(Listed entries)
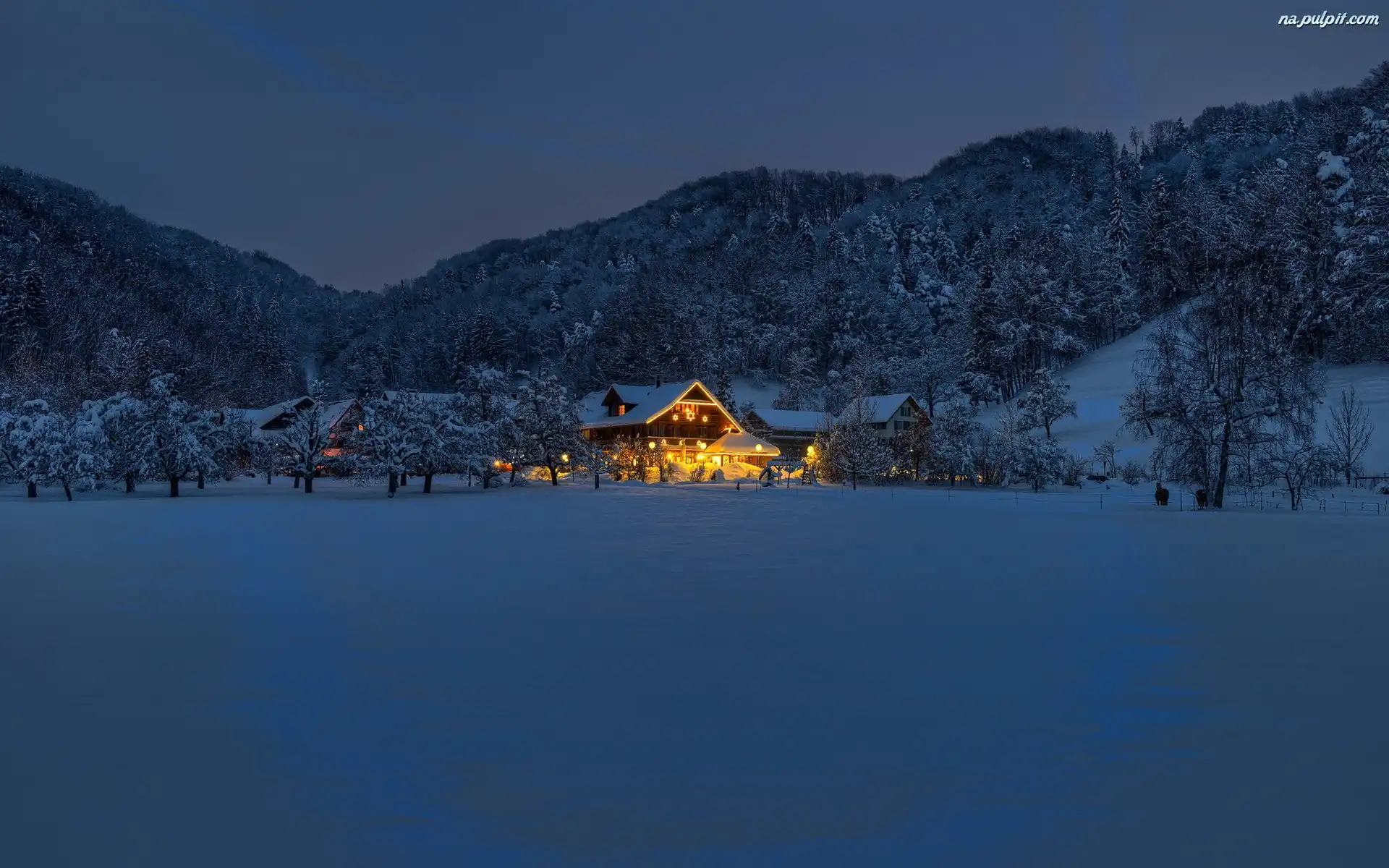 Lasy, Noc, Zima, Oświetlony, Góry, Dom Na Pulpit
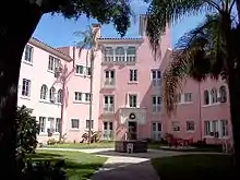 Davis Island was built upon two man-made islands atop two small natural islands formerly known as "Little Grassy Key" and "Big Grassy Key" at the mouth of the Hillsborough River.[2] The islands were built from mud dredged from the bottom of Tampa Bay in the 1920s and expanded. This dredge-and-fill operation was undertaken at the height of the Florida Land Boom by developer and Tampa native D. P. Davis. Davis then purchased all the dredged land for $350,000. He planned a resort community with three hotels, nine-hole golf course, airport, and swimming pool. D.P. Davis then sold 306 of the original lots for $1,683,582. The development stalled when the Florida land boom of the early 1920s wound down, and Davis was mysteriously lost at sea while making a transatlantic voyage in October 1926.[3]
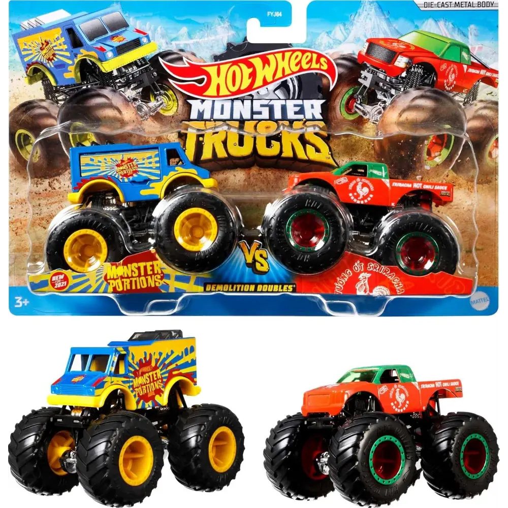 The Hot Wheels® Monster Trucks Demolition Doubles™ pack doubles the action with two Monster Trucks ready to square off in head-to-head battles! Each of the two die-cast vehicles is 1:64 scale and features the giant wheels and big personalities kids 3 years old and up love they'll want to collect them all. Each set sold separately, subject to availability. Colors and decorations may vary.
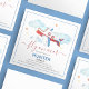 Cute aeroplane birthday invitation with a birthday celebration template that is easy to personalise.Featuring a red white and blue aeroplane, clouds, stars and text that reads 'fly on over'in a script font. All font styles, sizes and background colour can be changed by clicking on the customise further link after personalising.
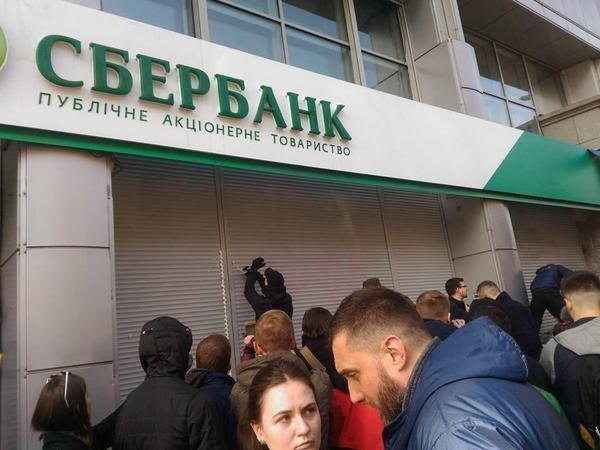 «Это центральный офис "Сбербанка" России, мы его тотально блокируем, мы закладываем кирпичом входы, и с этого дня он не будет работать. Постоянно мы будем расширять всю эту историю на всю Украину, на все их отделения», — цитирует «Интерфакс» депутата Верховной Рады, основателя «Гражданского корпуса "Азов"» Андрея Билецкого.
(End Listed entries)
(Listed entries)
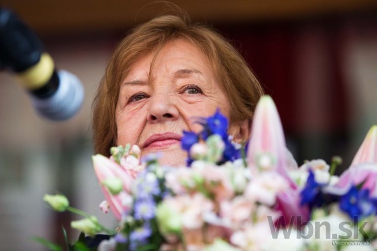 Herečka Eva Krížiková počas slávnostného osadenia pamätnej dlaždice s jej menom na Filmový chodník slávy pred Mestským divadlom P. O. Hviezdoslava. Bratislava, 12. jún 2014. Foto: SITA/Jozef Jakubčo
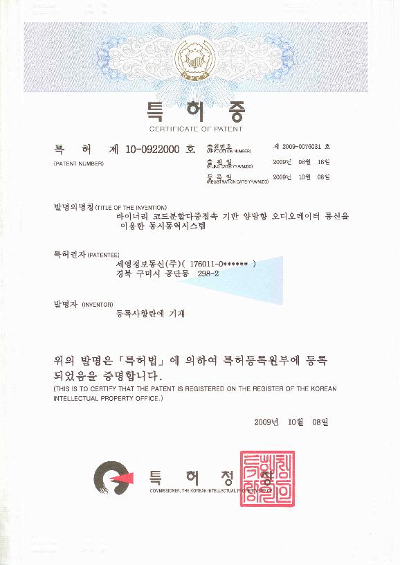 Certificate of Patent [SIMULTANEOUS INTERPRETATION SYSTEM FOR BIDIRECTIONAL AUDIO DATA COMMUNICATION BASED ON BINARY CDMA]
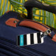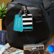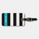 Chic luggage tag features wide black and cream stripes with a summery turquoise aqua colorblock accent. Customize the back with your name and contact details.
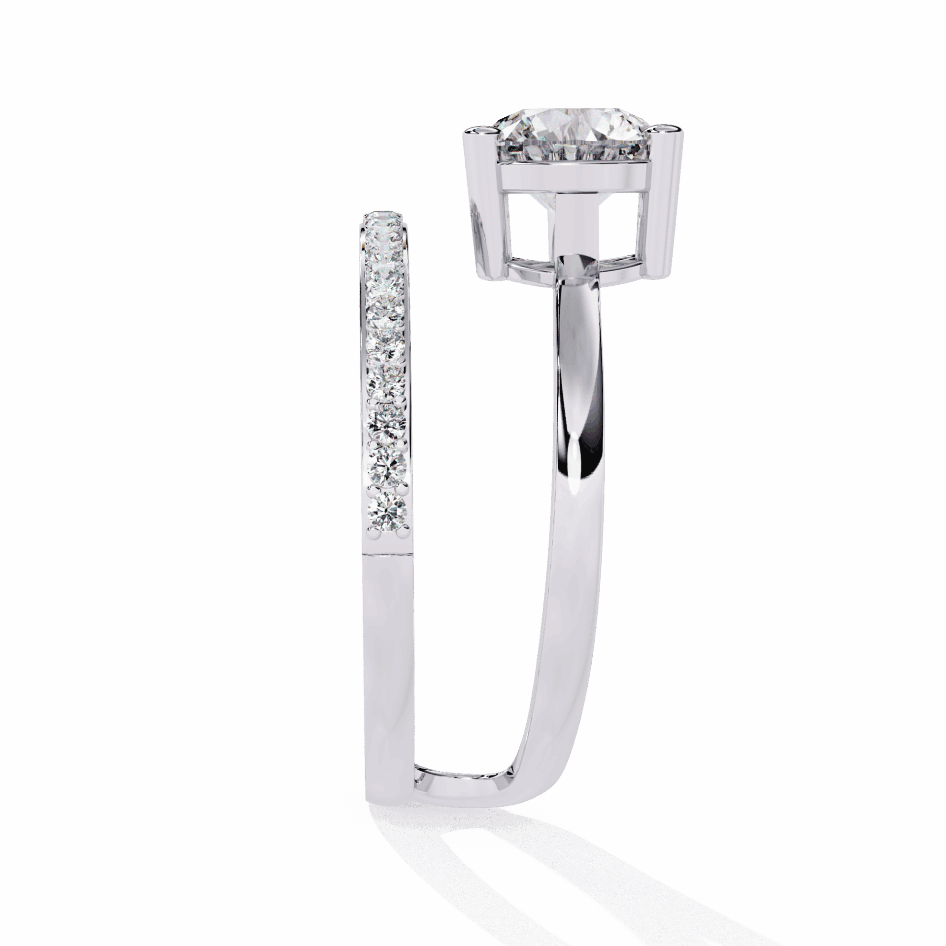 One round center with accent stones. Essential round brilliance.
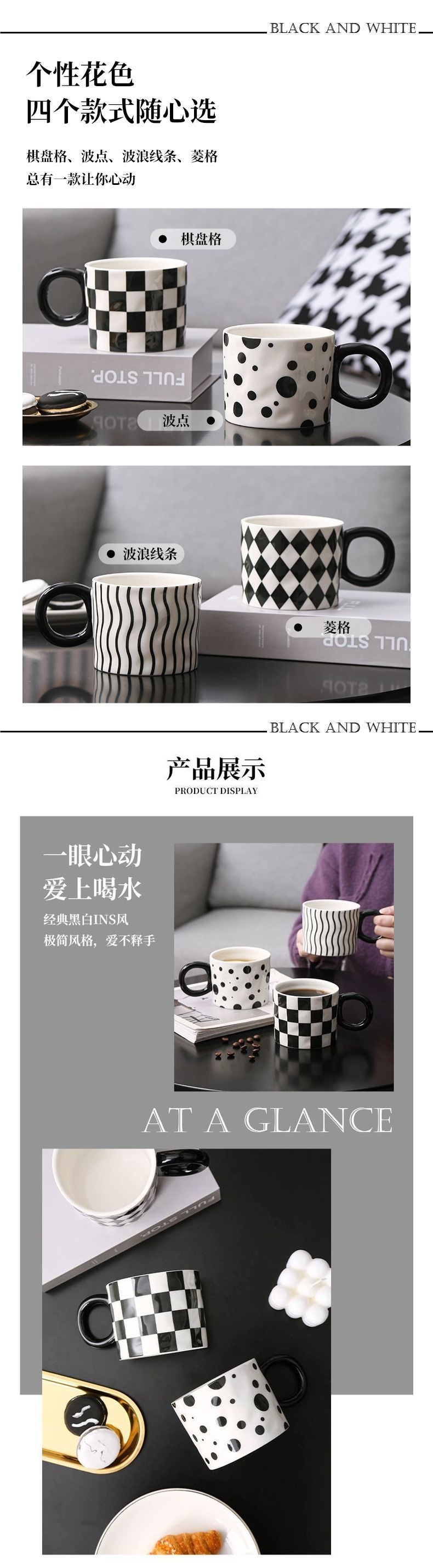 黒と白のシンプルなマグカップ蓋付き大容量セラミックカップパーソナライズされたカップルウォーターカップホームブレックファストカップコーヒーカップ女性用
(End Listed entries)
(Listed entries)
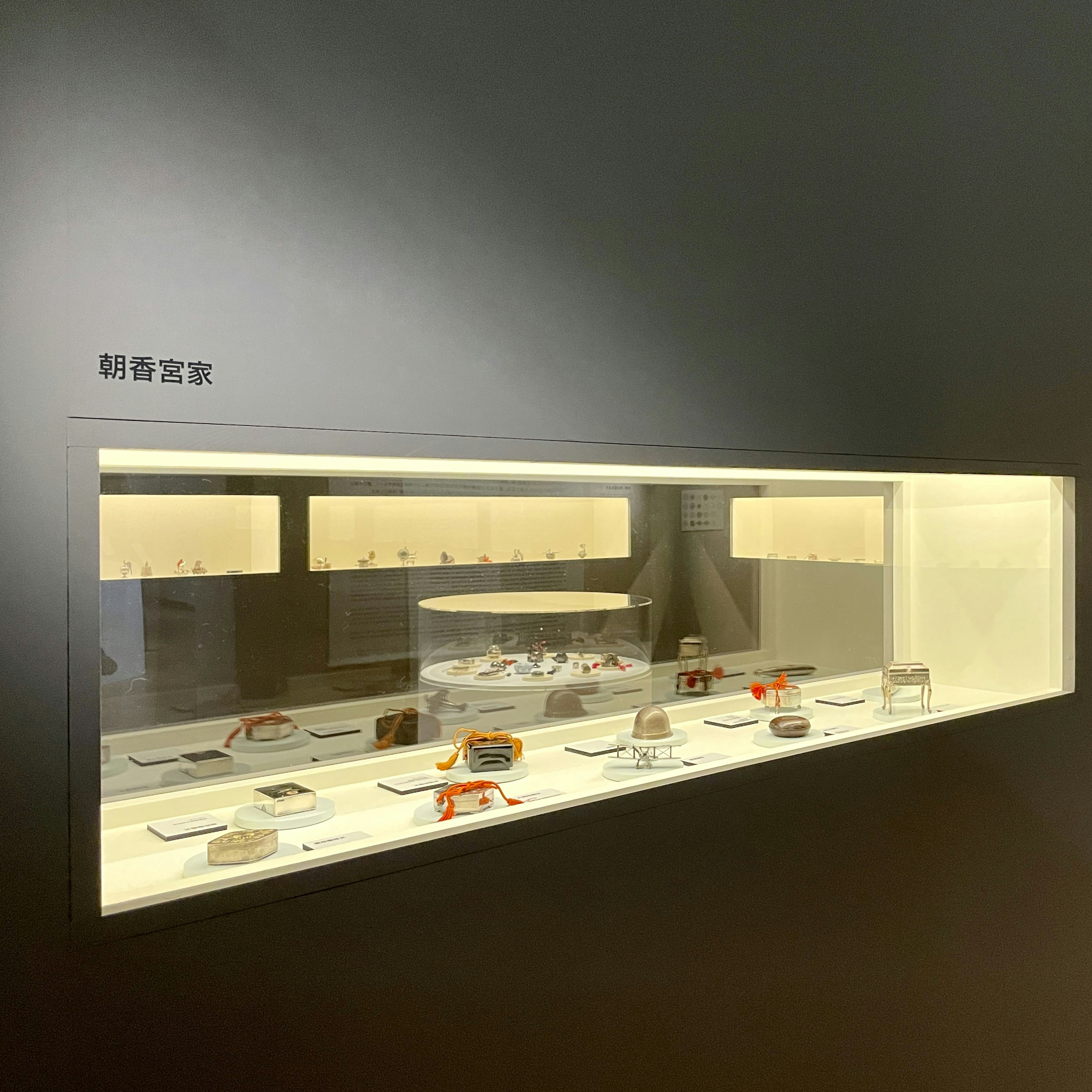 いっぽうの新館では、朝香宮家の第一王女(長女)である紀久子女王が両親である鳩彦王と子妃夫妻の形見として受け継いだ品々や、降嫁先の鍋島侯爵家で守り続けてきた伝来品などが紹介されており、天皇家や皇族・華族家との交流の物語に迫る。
(End Listed entries)
### Task:
Between and including the line above that contains "Certificate of Patent" and the line that contains "黒と白のシンプルなマグカップ", restate every line word for word. Pictures stay out.

### Task output:
 Certificate of Patent [SIMULTANEOUS INTERPRETATION SYSTEM FOR BIDIRECTIONAL AUDIO DATA COMMUNICATION BASED ON BINARY CDMA]
 Chic luggage tag features wide black and cream stripes with a summery turquoise aqua colorblock accent. Customize the back with your name and contact details.
 One round center with accent stones. Essential round brilliance.
 黒と白のシンプルなマグカップ蓋付き大容量セラミックカップパーソナライズされたカップルウォーターカップホームブレックファストカップコーヒーカップ女性用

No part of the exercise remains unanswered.